Comment l’attaque de Trump sur le Venezuela nous fait oublier le dossier Epstein…

Comment l'attaque de Trump sur le Venezuela nous fait oublier le dossier Epstein...

Dans la nuit du 3 janvier 2026, les États-Unis ont lancé une opération militaire sans précédent contre le Venezuela, qui a culminé avec la capture du président Nicolás Maduro et sa mise en détention. Une action qualifiée d’« opération militaire majeure » par Washington et comparée à une invasion moderne. Le président Donald Trump a lui-même déclaré que les forces américaines allaient « diriger » le Venezuela temporairement, jusqu’à une « transition sûre » vers un autre pouvoir.

Ce choc géopolitique est si spectaculaire qu’il domine les gros titres, les éditoriaux et les débats politiques du monde entier. Pourtant, à l’intérieur même des États-Unis, un autre dossier d’une importance capitale continue d’être étouffé par le bruit médiatique assourdissant autour de Caracas : l’affaire Epstein. Et le bruit autour du Venezuela risque fort de nous faire oublier ces dossiers accablants…

Venezuela : une opération militaire spectaculaire (et un inquiétant signal géopolitique) 

L’intervention au Venezuela est présentée par la Maison-Blanche comme une victoire géopolitique et un acte de fermeté contre un régime accusé de narcotrafic et d’abus de pouvoir. Le président Trump s’est montré triomphant, évoquant une reprise de contrôle sur le pays et la mise en place de nouvelles structures politiques et économiques, notamment autour du secteur pétrolier. Mais qu’on ne s’y trompe pas, cette opération n’est ni plus ni moins qu’une ingérence politique aux air de colonialisme.

Aussi détestable que soit le dictateur Nicolás Maduro, aussi nécessaire qu’était son départ du pouvoir, nous sommes ni plus ni moins face à une ingérence qui bafoue les règles du droit international. Mais surtout, cela implique une mainmise sur les gisements de pétrole du pays. Ce qui était bien évidemment l’objectif de l’administration Trump.

Le rapport des États-Unis au Venezuela s’inscrit dans une logique colonialiste qui ne dit pas son nom, mais qui continue de structurer la politique étrangère américaine en Amérique latine. Le drame, c’est que cette attaque des USA sur le pays ne cherche pas réellement à émanciper son peuple, mais à réaffirmer une domination, économique, politique et militaire… Car même s’il n’y a strictement aucune raison de s’apitoyer sur le sort du dictateur Maduro, il faut s’inquiéter avec vivacité du mode opératoire des Etats-Unis. Et tandis que le colonialisme prospère en Amérique latine, les dossiers Epstein sont passés sous silence…

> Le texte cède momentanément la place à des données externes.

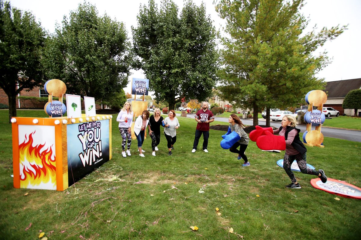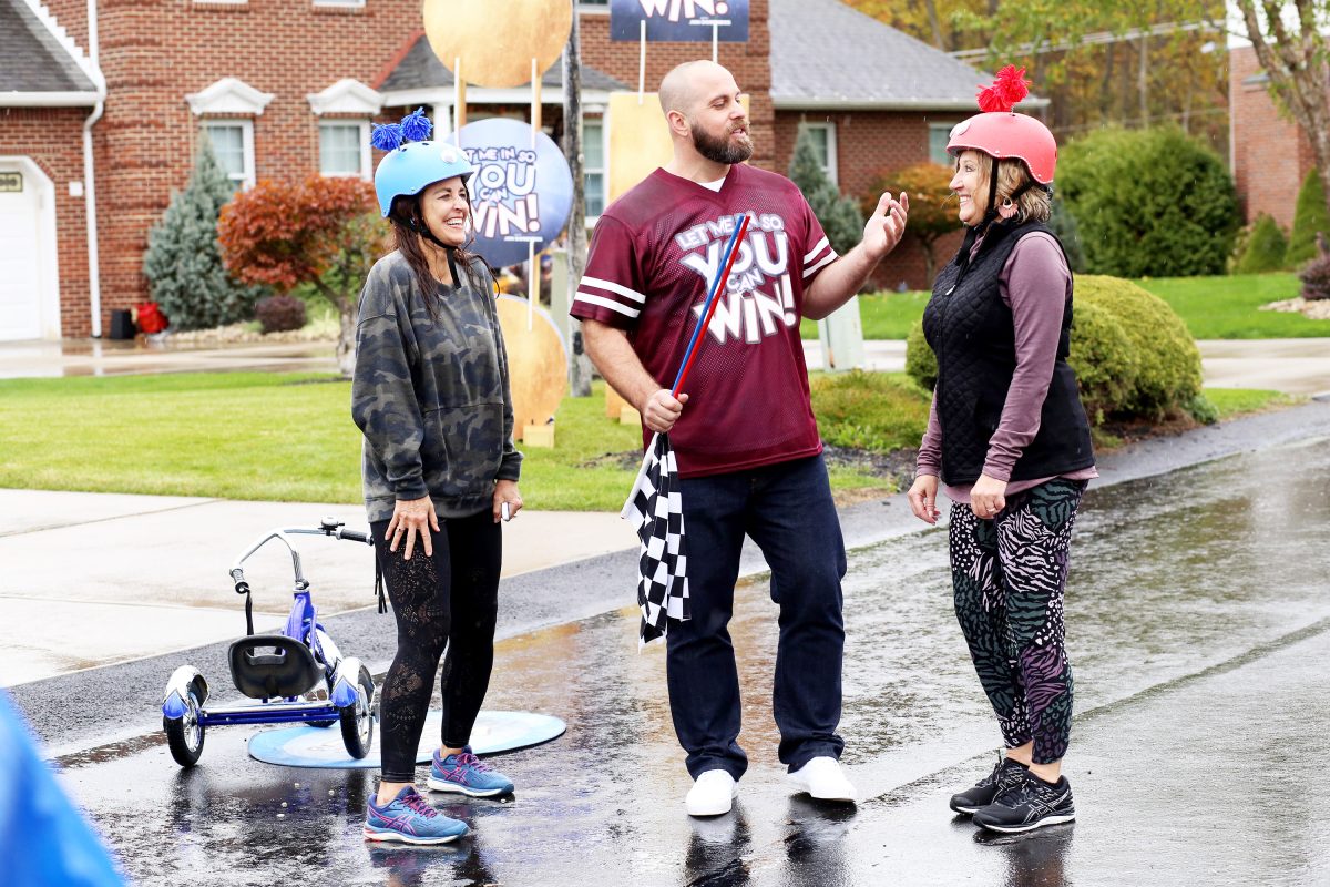 The women also competed in a tricycle race where they had to ride the trikes along a course – while neighbors and friends squirted them with super-sized water guns and pelted them with water balloons – and retrieve a key with their teeth from a giant bowl of Honey Nut Cheerios, then return to the start of the race.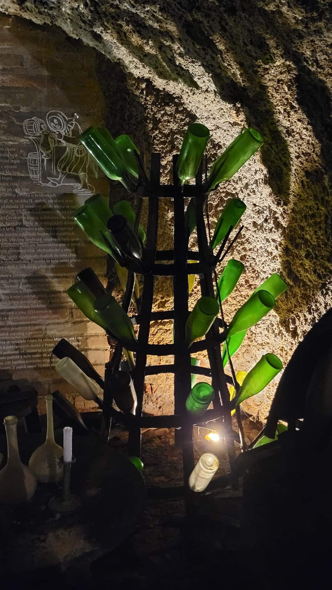 穿过古老地窖的神秘地下迷宫。最有趣的不在包心菜广场上,而是盘据在广场底下,由中古世纪地道、地窖所构成的神秘迷宫。 真是等不及要一探究竟,买了票才听懂地下迷宫不能自己参观,只能参加下一场的捷克语集体导览,不懂捷克语的我们则透过语音设备和大家一起参观。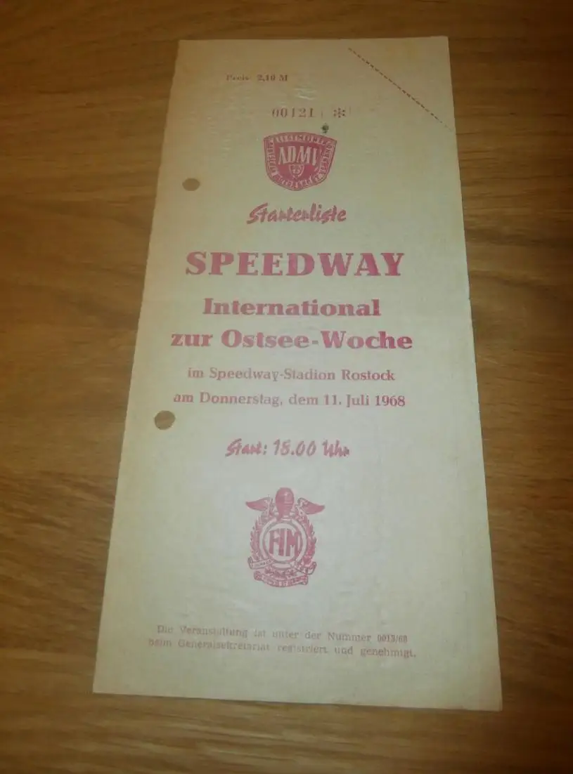 Speedway Rostock 11.7.1968 , Speedwayrennen , Programmheft / Programm / Rennprogramm , program !!!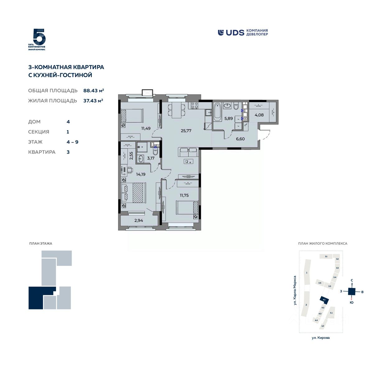 Общая площадь88,43 м2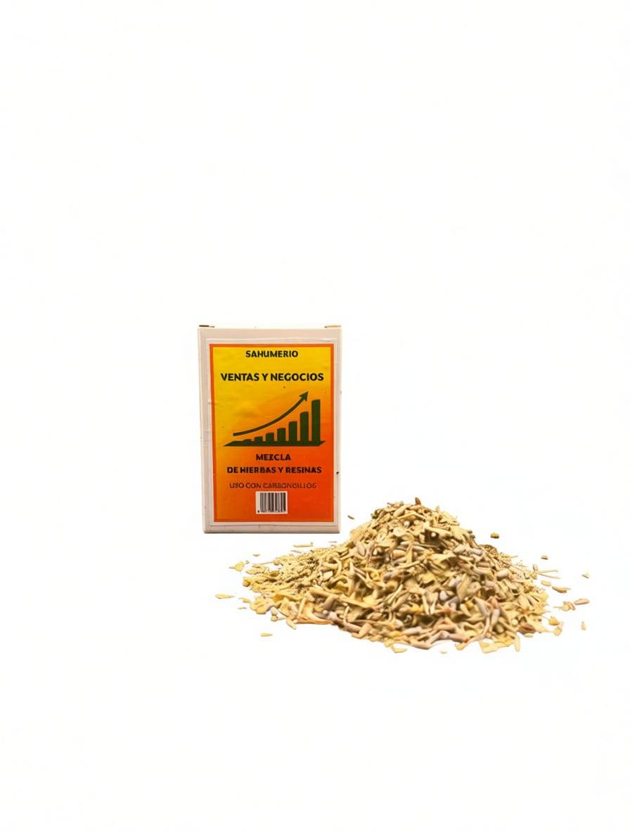 Sahumerio Ventas y Negocios formulado para activar la energía del dinero, atraer clientes y favorecer el éxito económico. 30gr aprox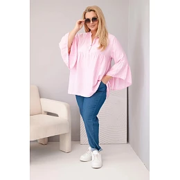 Dámská viskózová halenka Plus Size s model 22043036 rukávem a výstřihem do V cukrově růžová - K-Fashion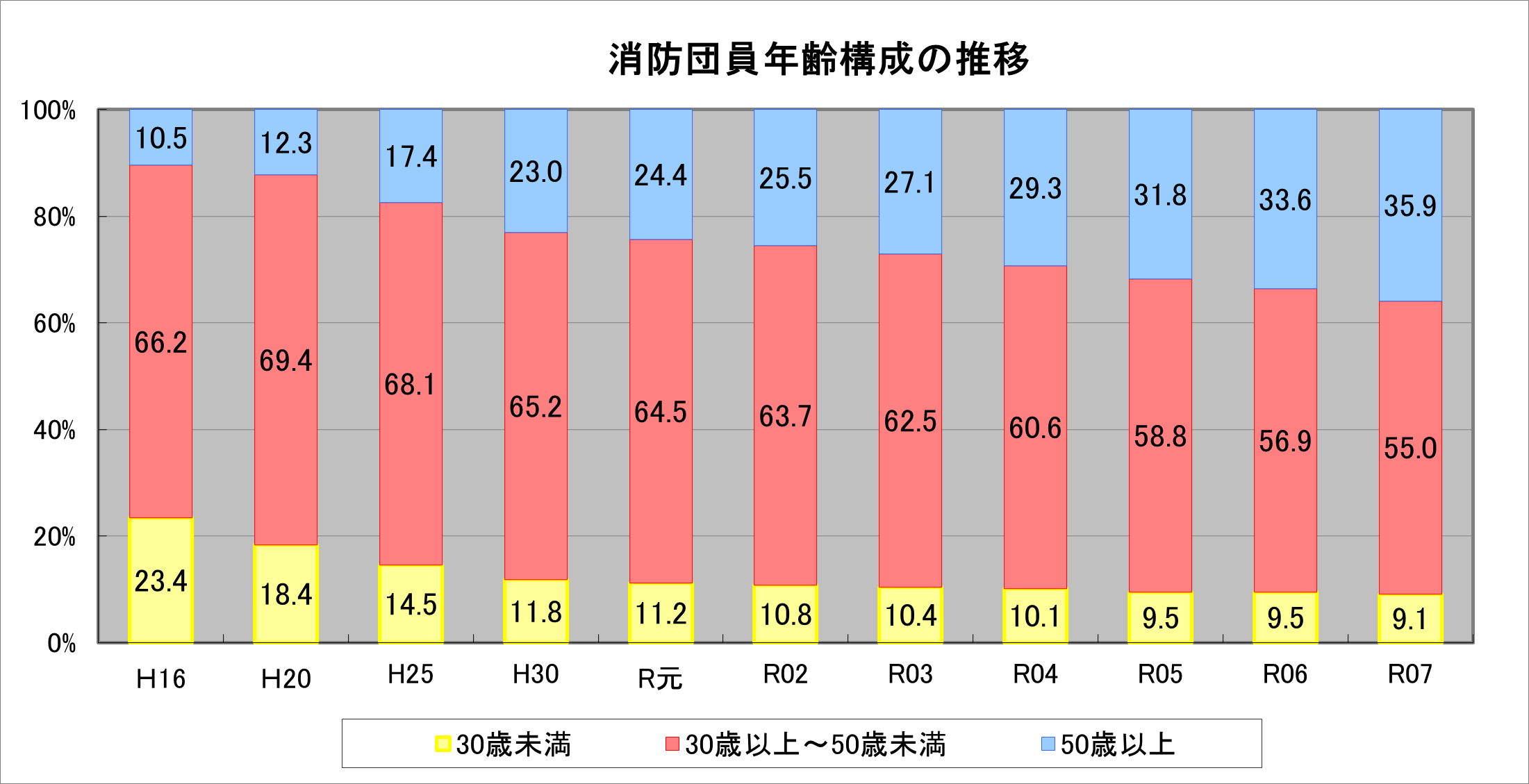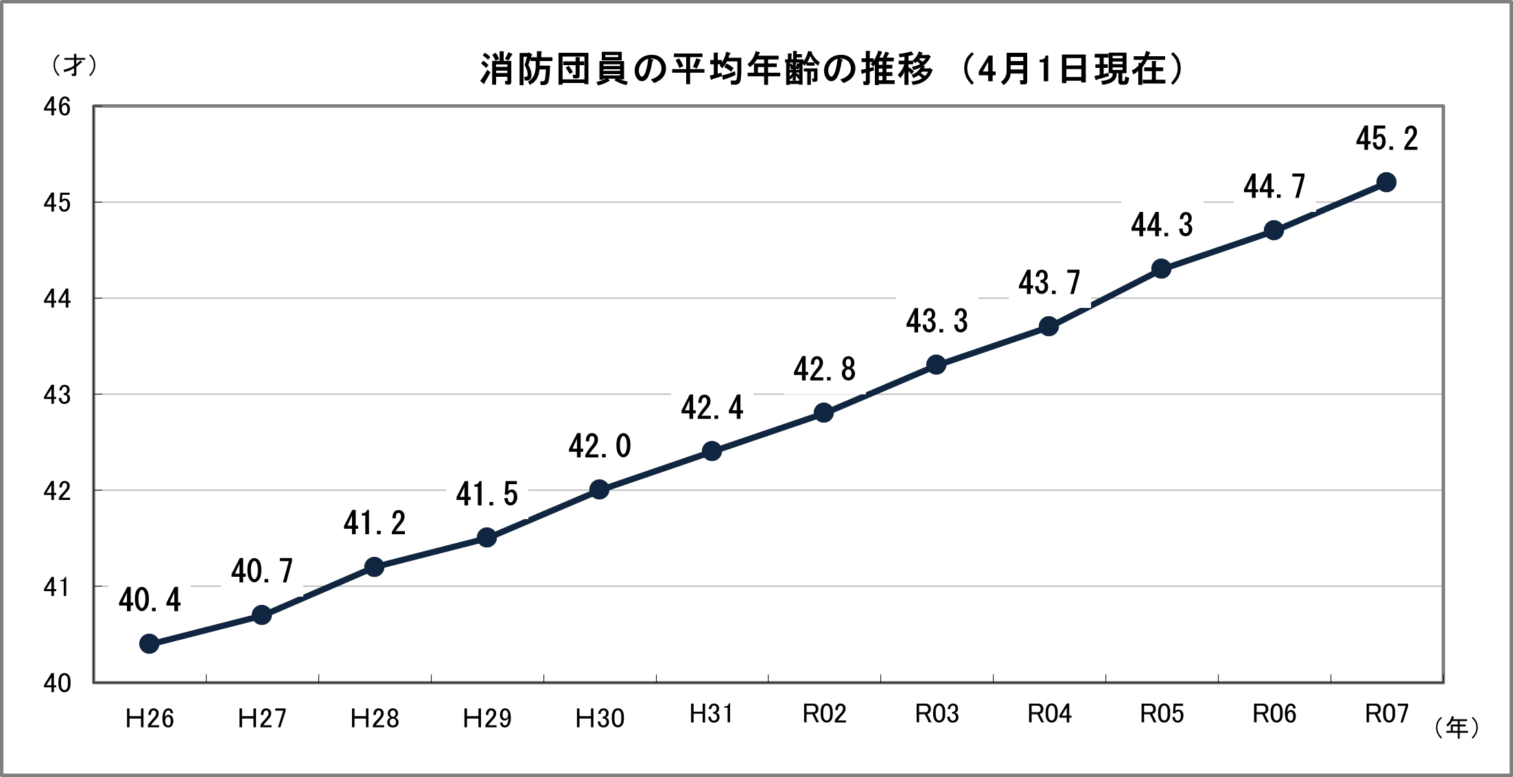 消防団員の年齢構成は高年齢化してきており、県内の消防団員の令和5年の平均年齢は、44.3歳となっています。
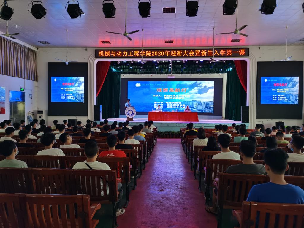 9月14号下午,机械与动力工程学院在湖光校区礼堂召开2020级新生迎新大会暨“新生入学教育第一课”。学院党委书记李国芳、院长俞国燕、党委副书记钟桂安、副院长刘海涛及各系主任、全体新生辅导员、班主任和2020级全体新生参加大会。因疫情防控需要,大会分两批进行。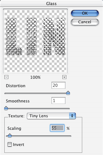 Сейчас мы будем создавать бриллиантовый эффект. Выбираем Filter>Distort>glass (Фильтр>Искажение>Стекло).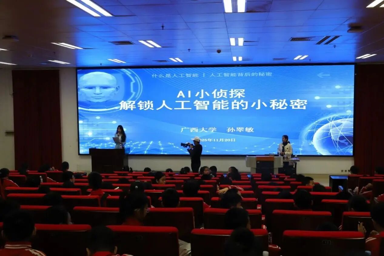 2025年11月20—21日,tyc122cc太阳成集团联合宾阳县芦圩完全小学开展“智探西大·智享AI”研学实践教育活动。本次活动旨在充分发挥高校资源服务基础教育的功能,通过围绕人工智能主题,通过专题授课、互动交流、校园参观等多种形式,拓展中小员工视野,激发其科学兴趣与成长动力。
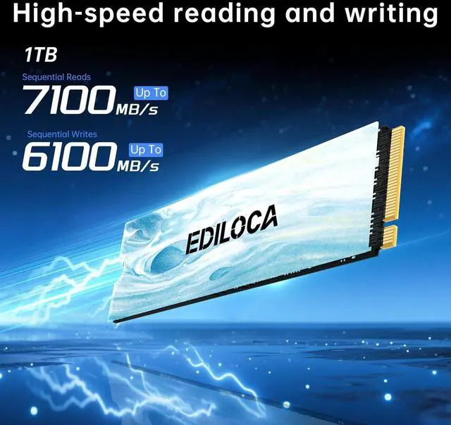 Top Performance]: Ediloca EN880E M. 2 SSD 1TB adopts NVMe protocol and PCIe Gen 4x4 specifications, and the maximum read and write speed can easily reach 7100MB/s and 6100MB/s. With lightning-fast speeds, the EN880E NVMe SSD can make your computer's systems and applications respond quickly, improving work efficiency.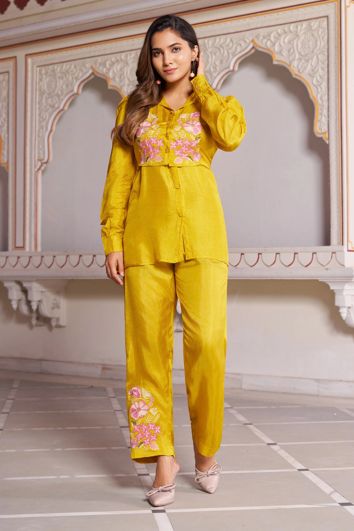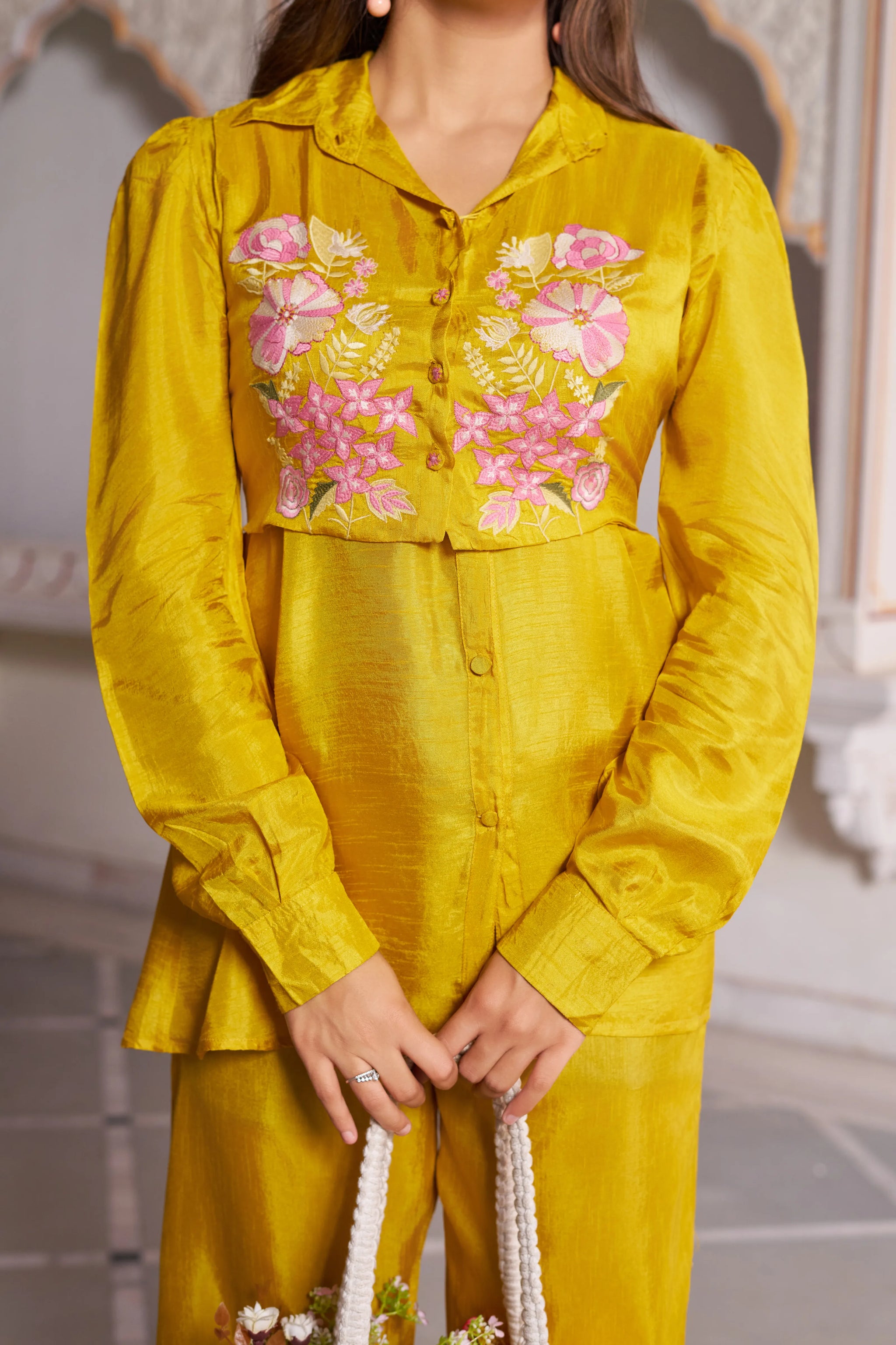 • Color: Rich mustard base with multicolor floral embroidery

Le dossier Epstein : le sujet qui embarrasse Donald Trump et son administration 

Pour rappel : les dossiers Epstein mettent en cause des personnalités influentes, des réseaux de pouvoir et des mécanismes institutionnels qui ont permis à des crimes sexuels de masse de perdurer durant des décennies. Et Trump est en première ligne des accusations de viols et de pédophilie incriminés par ces dossiers. Les millions de pages d’investigation peuvent contenir des révélations cruciales sur des complicités, des dissimulations et des responsabilités de haut niveau. Des information qui devrait être au cœur de l’intérêt public.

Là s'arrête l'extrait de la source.